**WHAT THE EXERCISE ASKS**
Taking the line that contains "马年窗花新年贴纸2026静电贴过年年货窗贴春节玻璃门贴剪纸装饰品" as the start and the last line of the data as the end, repeat exactly every line in that span, but no pictures.
--------------------------------------------------
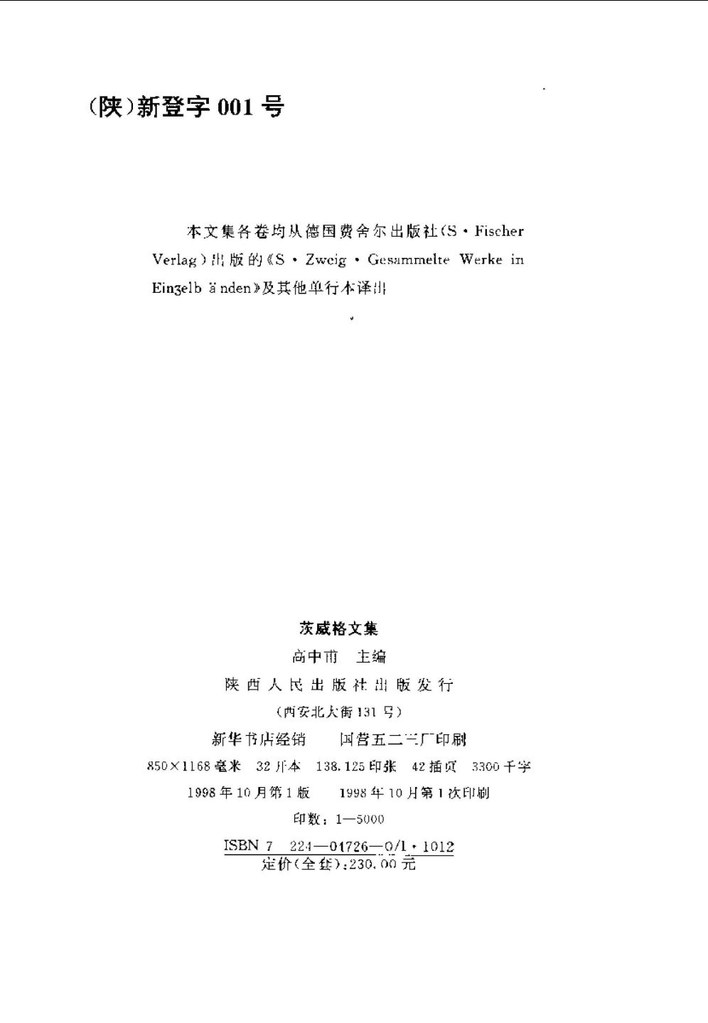 茨威格的文集,但没有陕西人民出版社的这个齐。这个集子前三卷是小说卷(
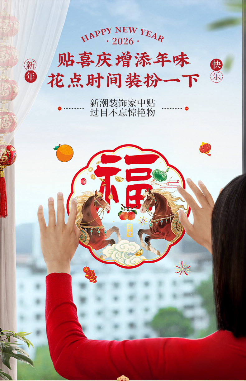 马年窗花新年贴纸2026静电贴过年年货窗贴春节玻璃门贴剪纸装饰品
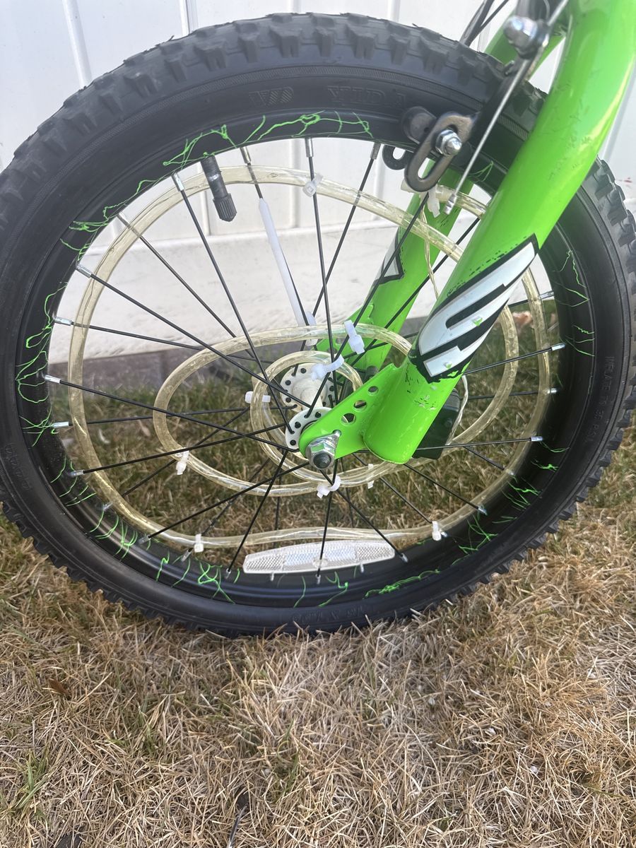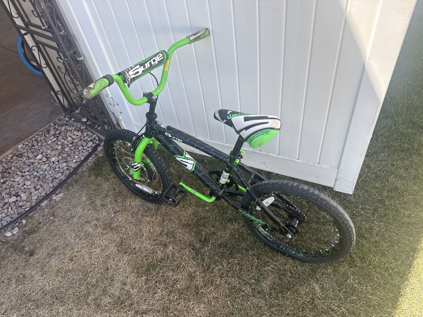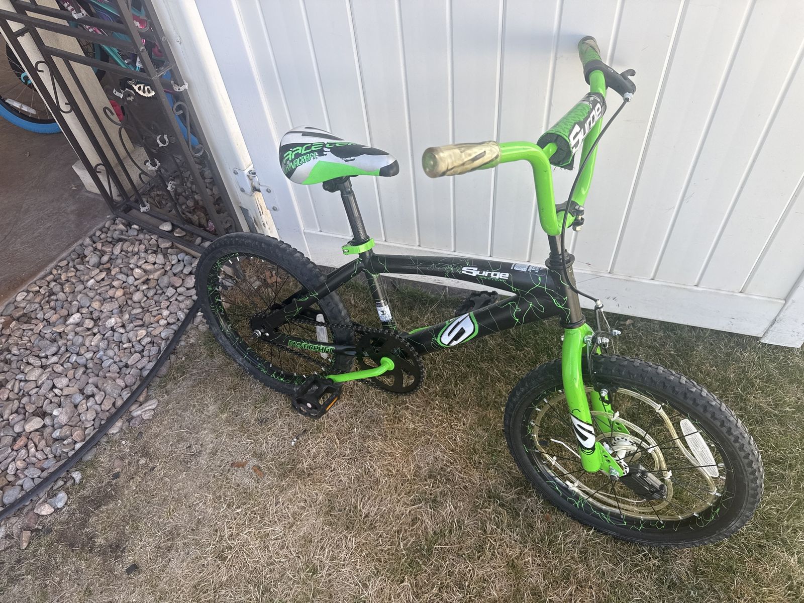 VenmoBlack and Green “ Surge” boys bicycle made by Dynacraft. This is an 18 inch BMX bike with front left hand brake for front wheel and regular pedal coaster brakes for the back wheel. Wheels are true and coast well. Great bike!!! Ready for upcoming spring and summer fun!!!
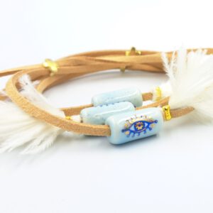 Μαρτυρικό βραχιόλι, μπεζ σουέτ, φτερό λευκό χρώμα, κεραμική χάντρα με μάτι και σταυρός. Οι φωτογραφίες έχουν υποστεί επεξεργασία και τα χρώματα ίσως να διαφέρουν λίγο στην πραγματικότητα. Η τιμή αφορά συσκευασία 50 τεμαχίων.
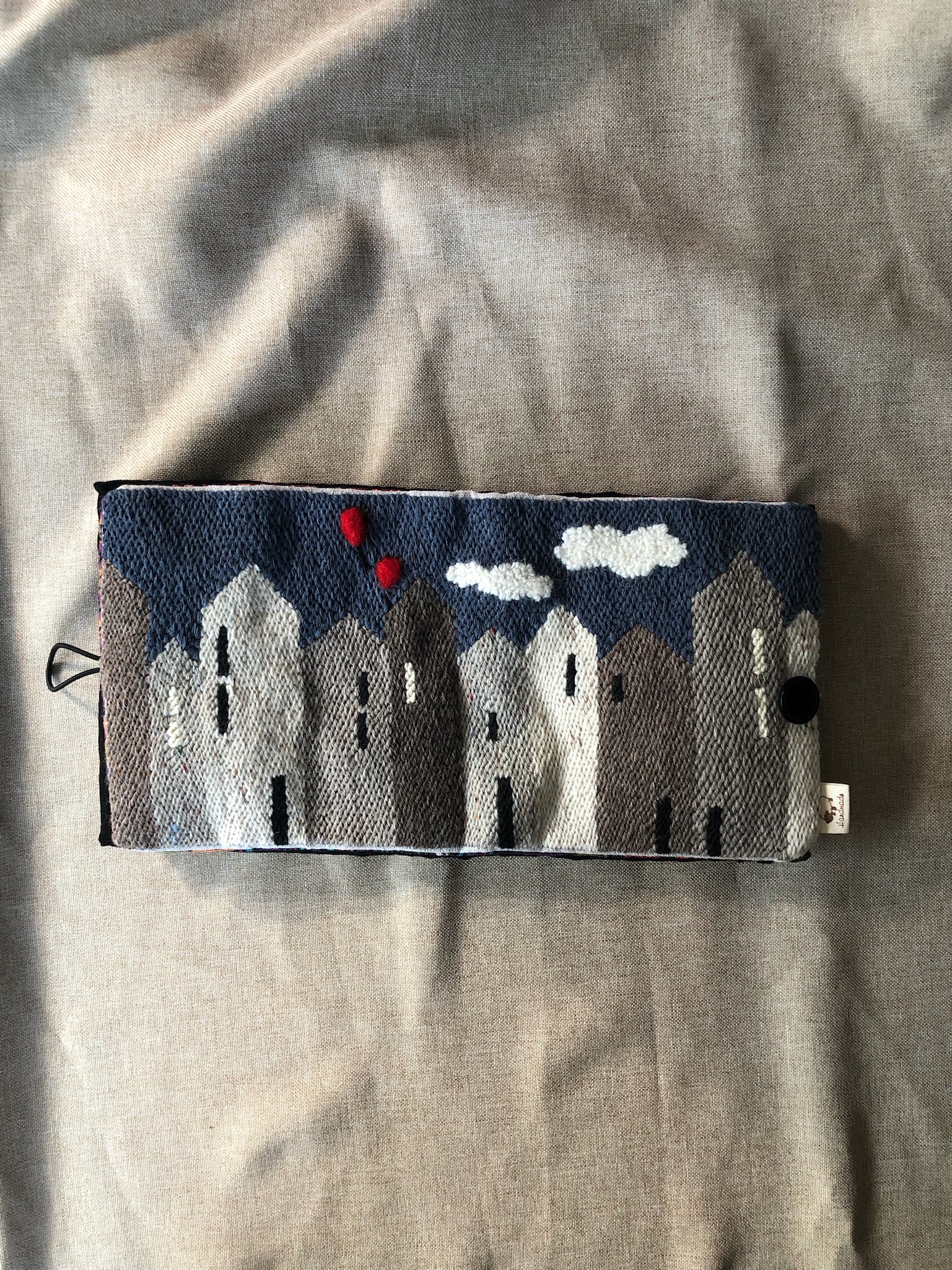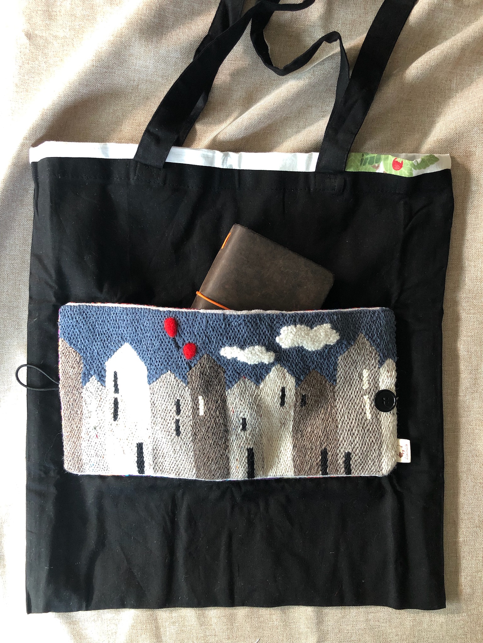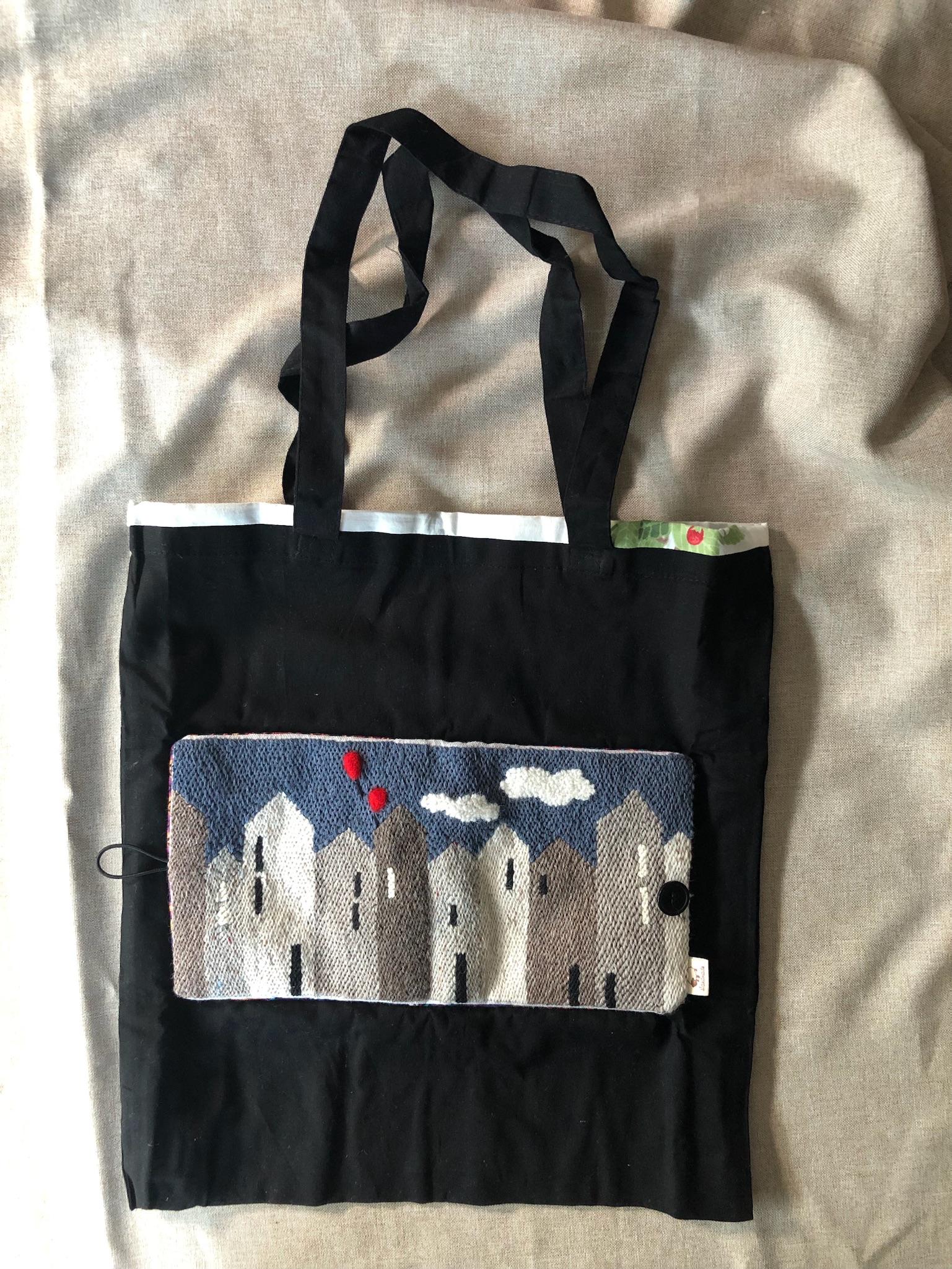 Borsa Tote BAG ripiegabile e ricamata a mano in lana su tela in busta di lino o di cotone.
--------------------------------------------------
**COMPLETED EXERCISE**
 马年窗花新年贴纸2026静电贴过年年货窗贴春节玻璃门贴剪纸装饰品
 VenmoBlack and Green “ Surge” boys bicycle made by Dynacraft. This is an 18 inch BMX bike with front left hand brake for front wheel and regular pedal coaster brakes for the back wheel. Wheels are true and coast well. Great bike!!! Ready for upcoming spring and summer fun!!!
 Μαρτυρικό βραχιόλι, μπεζ σουέτ, φτερό λευκό χρώμα, κεραμική χάντρα με μάτι και σταυρός. Οι φωτογραφίες έχουν υποστεί επεξεργασία και τα χρώματα ίσως να διαφέρουν λίγο στην πραγματικότητα. Η τιμή αφορά συσκευασία 50 τεμαχίων.
 Borsa Tote BAG ripiegabile e ricamata a mano in lana su tela in busta di lino o di cotone.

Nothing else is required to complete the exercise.